Tuesday 10 April 2012

What is it about data protection, European politicians and plagiarism?

London buses occasionally appear in packs. As do European politicians who run into trouble over plagiarism accusations. They may be busy guys, but they really ought to properly credit their sources. Actually, I’m posting this blog with a sense of irony, as I seem to spend increasing amounts of my time these days on the concept of creating a common data protection language, so data controllers can be persuaded to use common words and phrases to describe common types of processing operations, and offer users common sets of choices. Which ought to be a good thing. And all this is with the blessing of our political (and regulatory) masters. So, it’s with a sense of rough justice that I refer to some politicians who like to share the same language when expressing opinions – but who don’t receive the same degree of respect from the rest of us when this happens!

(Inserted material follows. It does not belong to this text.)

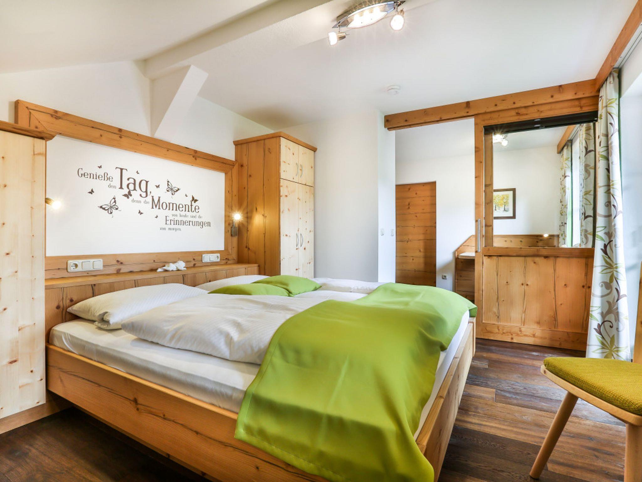 Unsere neue Ferienwohnung, gefertigt in unserer Schreinerei, zeichnen sich aus durch eineKombination aus persönlicher Note, Liebe zum Detail und dem ländlich-kreativem Design,die Ihrem Urlaub das gewisse Etwas geben.Wir können Ihnen exklusive und gemütliche Zwei-Zimmer-Suiten in gehobenem Stil anbieten.Stilvolle alpine Wohlfühlwohnung in Fichte-Altholz, kombiniert mit Zirbe und Echtholz-Eiche-Fußboden.Küche mit Spülmaschine, Kühlschrank, Microwelle, 2-Platten-Cerankochfeld, Kaffeemaschine und Wasserkocher.Gemütlicher Wohnbereich mit Sitzcouch und Tisch - Flachbildschirm mit SAT-TV, Telefon und Leselampe.Außerdem haben Sie eine kleine urige Sitzecke mit Esstisch. Das Schlafzimmer hat Betten in der Größe 180x200cm,mit SAT-TV, Kofferablage und Zimmersafe. Der Wohn- und Schlafbereich ist durch ein Glas-Schiebetürelement mitVerdunkelungsjalousie abgetrennt.Das Badezimmer ist ausgestattet mit hochwertigen Materialien, verfügt über einen Granit-Waschtisch mit viel Ablagefläche,einen großen Duschbereich, WC, Fön, Kosmetikspiegel und Handtuchtrockner sowie Kosmetikprodukte.Durch ein Glaselement zum Wohnzimmer haben Sie auch im Bad natürliches Tageslicht.Sie wohnen im 3. Stock und haben einen eigenen Süd- und Westbalkon mit einemPanoramablick auf den Steinberg und die Reiteralpe.

In the spate of just a few weeks, Hungarian President Pál Schmitt announced his resignation, as a plagiarism scandal around his doctoral thesis unfolded; EU Regional Policy Commissioner Johannes Hahn (from Austria) has been asked to explain how an expert group could have found 76 cases of plagiarism in his 1987 doctoral thesis; while Germany’s Defence Minister Karl-Theodor zu Guttenberg faced a plagiarism scandal over allegations that he had lifted passages of his law dissertation without correctly attributing them in footnotes or bibliography. Apparently, Guttenberg wrote his dissertation for the University of Bayreuth in 2006, receiving the top grade of summa cum laude. It was published under the title, "Constitution and Constitutional Treaty: Constitutional developments in the USA and the EU." With a subject like that I can understand why anyone might be tempted to seek inspiration from a variety of sources. But, for the sake of fairness, I’m sure he made lots of it up all by himself, too.

At least European politicians are educated folk, with time on their hands to address weighty academic issues. I’m not sure that academic research is an essential prerequisite of today’s British politician. A private education probably helps, but intellectual brilliance isn’t always required.

To those who are tempted to lift my prose from these blog pages – please feel free to spread the word as widely as you can. But remember, thanks to Google word search, it’s pretty easy these days to find the sources of most of the good stuff. So if I am copied, please credit me.

And I’ll do my best to respect those who inspire my words, too.